- WORK ORDER -
The answer must consist solely of the lines from the opening line of the entries through the line with "2024 Alabama Power", transcribed exactly and without any pictures.

- RECORDS FOR THIS TASK -
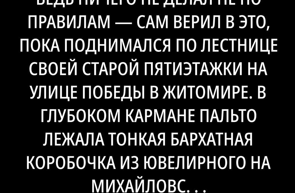 Он ведь ничего не делал не по правилам сам верил в это, пока поднимался по лестнице своей старой пятиэтажки на улице Победы в Житомире. В глубоком кармане пальто лежала тонкая бархатная коробочка из ювелирного на Михайловской «Сапфир», выбор серьёзный, не с ярмарки. Пальцы Виктора то и дело щупали коробочку, будто её можно было умыкнуть с поправкой на квантовую физику. Кольцо дорогое, выбирал час продавщица на четвёртой уже устало одобряла всё подряд. Он представлял, как Олеся (а кому тут Светланы, если в каждом подъезде по две!) обрадуется. Ну ещё бы десять лет вместе, не шутки.
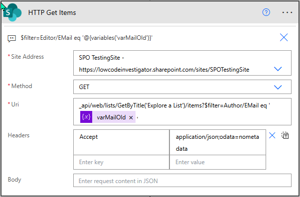 _api/web/lists/GetByTitle('Explore a List')/items?$filter=Author/EMail eq '@{variables('varMailOld')}'
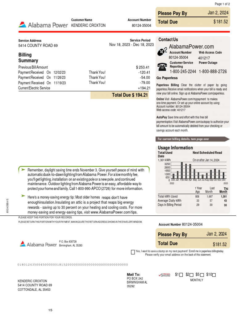 2024 Alabama Power Electricity Bill MbcVirtual Bill template
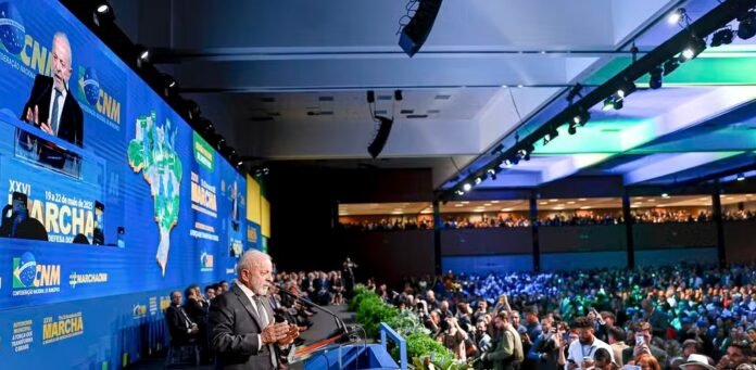 O presidente Lula discursa durante evento com prefeitos em Brasília — Foto: Ricardo Stuckert/Presidência da República
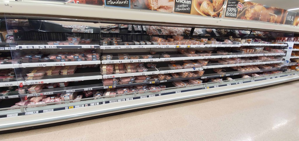 It’s not just fruit and veg either. Here’s the meat isle. Notice the gaps and low stocks.
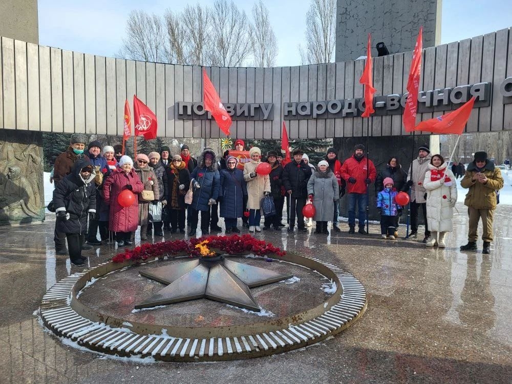 В Самаре коммунисты Безымянки провели автопробег, посвящённый 108-й годовщине образования Рабоче-крестьянской Красной армии и традиционно возложили цветы к Вечному огню.
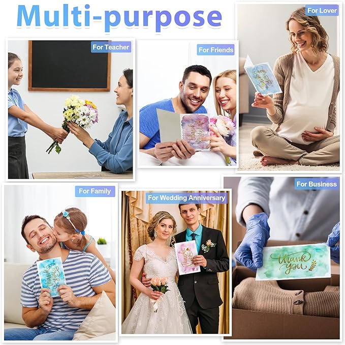 • Multiple usages: watercolor pattern thank you cards set is ideal for thanking engagements, baby and bridal showers, birthday parties, anniversaries, wedding guests, graduation, friendship day, Teacher's Day, Mother's Day, Father's Day, Thanksgiving and so on, also suitable for holding business gatherings, funerals and other occasions
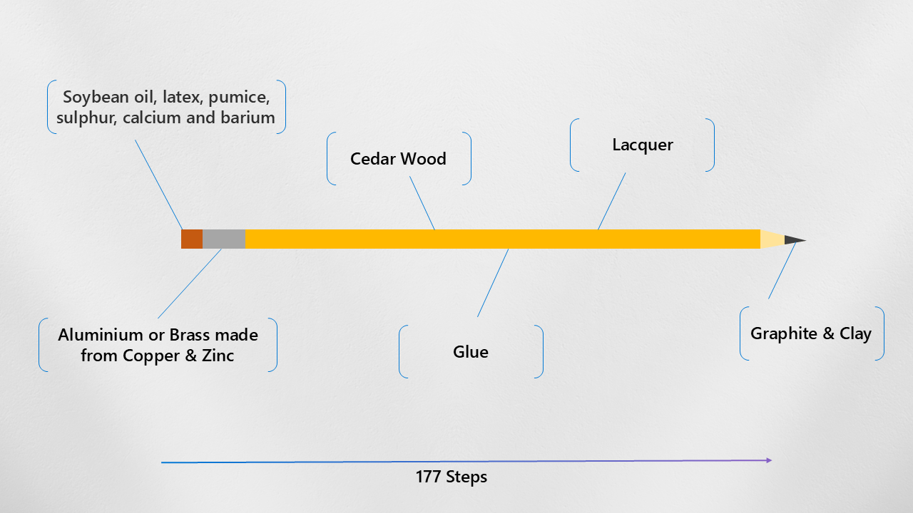 In fact in a manufacturing plant it takes over 177 steps to build the pencil!
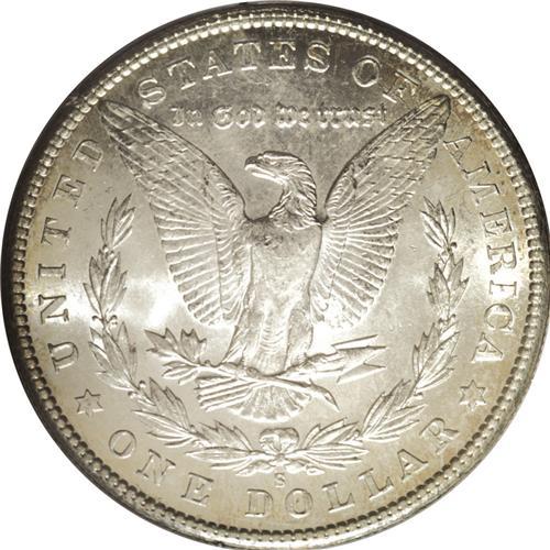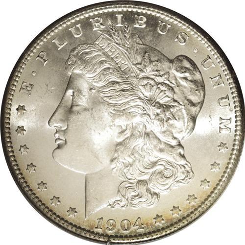 <B>1904-S<img border='0' src='http://www.heritagecoins.com/images/star.gif' width=10 height=10>$1> MS64 PCGS.</B></I> The '04-S is primarily known for its poor overall quality. One expects drab luster, dull gray surfaces, and a poor strike. However, what one finds on this coin is bright, sparkling mint luster, uniformly brilliant surfaces, and only slightly weak central details. Housed in a first generation PCGS holder.

- ANSWER AREA -
 Он ведь ничего не делал не по правилам сам верил в это, пока поднимался по лестнице своей старой пятиэтажки на улице Победы в Житомире. В глубоком кармане пальто лежала тонкая бархатная коробочка из ювелирного на Михайловской «Сапфир», выбор серьёзный, не с ярмарки. Пальцы Виктора то и дело щупали коробочку, будто её можно было умыкнуть с поправкой на квантовую физику. Кольцо дорогое, выбирал час продавщица на четвёртой уже устало одобряла всё подряд. Он представлял, как Олеся (а кому тут Светланы, если в каждом подъезде по две!) обрадуется. Ну ещё бы десять лет вместе, не шутки.
 _api/web/lists/GetByTitle('Explore a List')/items?$filter=Author/EMail eq '@{variables('varMailOld')}'
 2024 Alabama Power Electricity Bill MbcVirtual Bill template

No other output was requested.